MM: The beverages companies have to play a part, they are the biggest beneficiaries of the sector. Imagine all the beverages consumed at live concerts bars and nightclubs, while people listen to music. I believe before we lobby the government, these companies should set aside a healthy budget for the sector. Why should they reap where they have not sown? They should give grants to the sector. The dividends of the investment will even benefit the nation as the grants can be used for budding artistes to showcase their talents at festivals beyond our borders which will in return boost tourism. The government on the other hand should look at infrastructure development, we need performances centres in every province, for music to grow the barriers to entry have to be lowered, other than Harare and Bulawayo there are no decent places to host music events. Here in Harare and Bulawayo, the places are limited and with the high level of competition from the new age churches and corporates, music has been pushed to the bottom of the pyramid, and very soon we will be driven back to nightclubs and sports clubs for performances, so the government has to build more centres fit for concerts.
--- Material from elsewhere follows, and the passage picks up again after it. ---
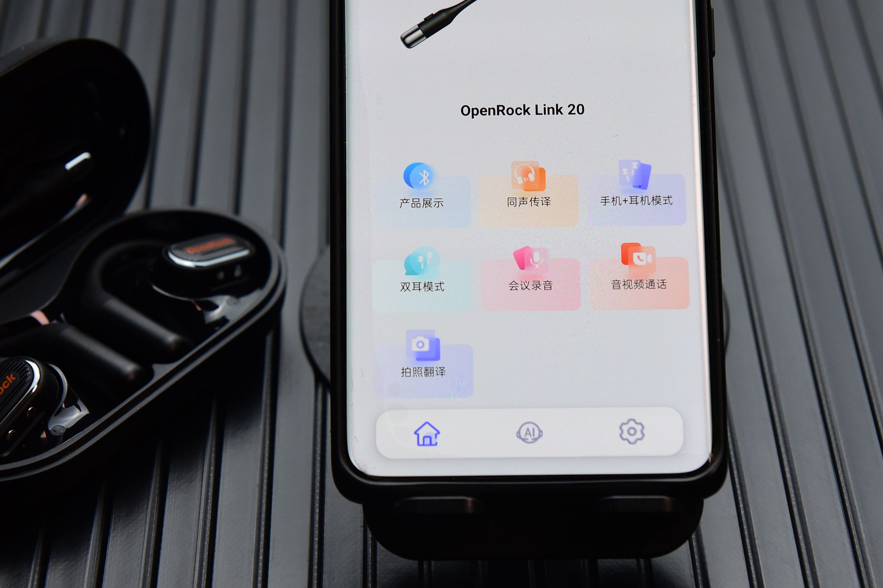 ▲比如OPENROCK LINK20,下载其官方APP后,不仅有同声传译功能,还有手机+耳机模式以及双耳模式、会议录音、音视频通话翻译、拍照翻译等功能。
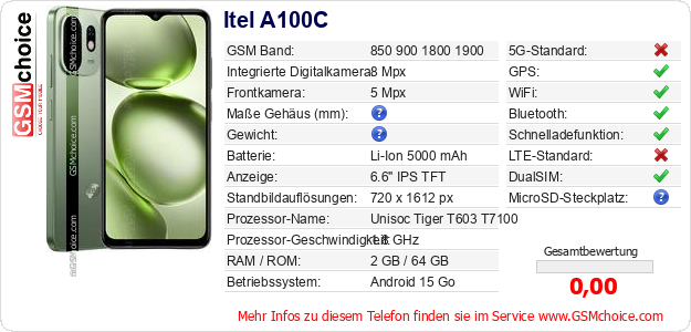 Hast du eigene Webseite? Willst du die Informationen über Standarddaten des Handys Itel A100C irgendwo veröffentlichen? Das ist sehr einfach. Du kannst das Bild herunterladen oder kopieren und auf der Webseite folgenden Code hinzufügen:Das Einfügen von diesem Code verursacht das Anzeigen von dem folgenden Bild:

Every province should have its own centre.

WA: What is in stock for the showbiz from Entertainment Republic?

MM: We are in the process of planning a music conference scheduled for the last quarter of the year. We believe that at this conference we will be able to chart the way forward for a vibrant music industry, our ambit is music. However, it goes hand-in-hand with other facets of arts and we believe a vibrant music industry will spur the other arts areas as well. Persistence, commitment and dedication is what is really needed and a healthy economy. For without a healthy economy and disposable income, entertainment or arts will flourish for now all of this remains a dream. Dreams that can be deferred to the detriment of the next generation. Imagine Saudi Arabia has put a budget for the entertainment sector for the next 10 years at $64 billion.